At this stage, and to keep it simple, our services include every service type and architecture (micro-services, SOAP, REST, SOAP-ish, REST-ish – you got the idea 😁). This means that like an airport, we need a hub. Our hub is Azure API Management (aka APIm). APIm is our services manager that allows us to have great capabilities to control and manage our service’s behaviors, uniformization, rate limits, and access control.
But like any other airport/service manager we faced some challenges because of the way we want to manage our architecture inside of it. In this post, we’ll present parts of the current architecture that led us to the challenge of having multiple services hosted within it, but also needed calls between them in the form of loopback calls for the same APIm instance.
The challenge
We started to have a single APIm instance that could host our services layers:
- Channels APIs – the public and external façade of internal services to have a single uniformization and a set of security rules, authentication procedures, and rate limits to be in place when exposed wide open to the internet;
- Services APIs – first internal layer that represents the service implementation as an entity itself, but using other services layers to abstract the backend implementation-specific logic;
- Adapters APIs – the nearest service layer implementation that holds the specific logic of the backend services. This acts as the bridge between the provider service implementation and the service common architecture layer – by holding the specific implementation. We can have multiple adapters that serve the same service and act as data connectors.
These layers were composed by a set of names and configuration rules (APIm products and policies) on a single Azure API Management.
Calls orchestration are mainly guided by:
Public => ChannelAPI => Service => Adapter => Backend provider
So at least we have three calls that can be treated in a straight forward manner, or have high manipulation between them to fulfill specific requirements, or have necessary adjustments between each layer until the request reaches the backend. These types of adapters allow the main service layer to gather data for multiple sources and provide single responses with data unified on it.
and
Send request policy, in our opinion, a much more elegant and understandable regarding the concept of having service A that’s sending a new https request to the service B (our adapter) endpoint.
Everything was working great, and as expected a major platform as Azure API Management could handle a full catalog set of services and adapters (in our architecture design) and interactions between them.

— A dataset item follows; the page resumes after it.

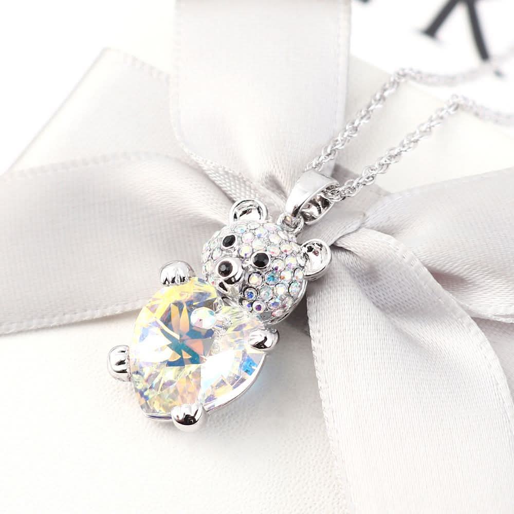 Bear Crystal Heart Necklace

So when we moved our solution into the client’s Azure APIm instance, we were surprised to see we were unable to have HTTP/HTTPs calls between hosted services. We couldn’t get loopback calls. Instead we got 500 – Internal Server error.
Our client’s APIm instance is configured inside of a private virtual network exposed to the internet using the Application Gateway (WAF) and with the FQDN service usage, we weren’t able to get 200 Ok responses on our “working” solution. By performing APIm traces, we saw that the APIm was resolving the domain into its private IP, forwarding the request (as expected) but refused a connection to itself.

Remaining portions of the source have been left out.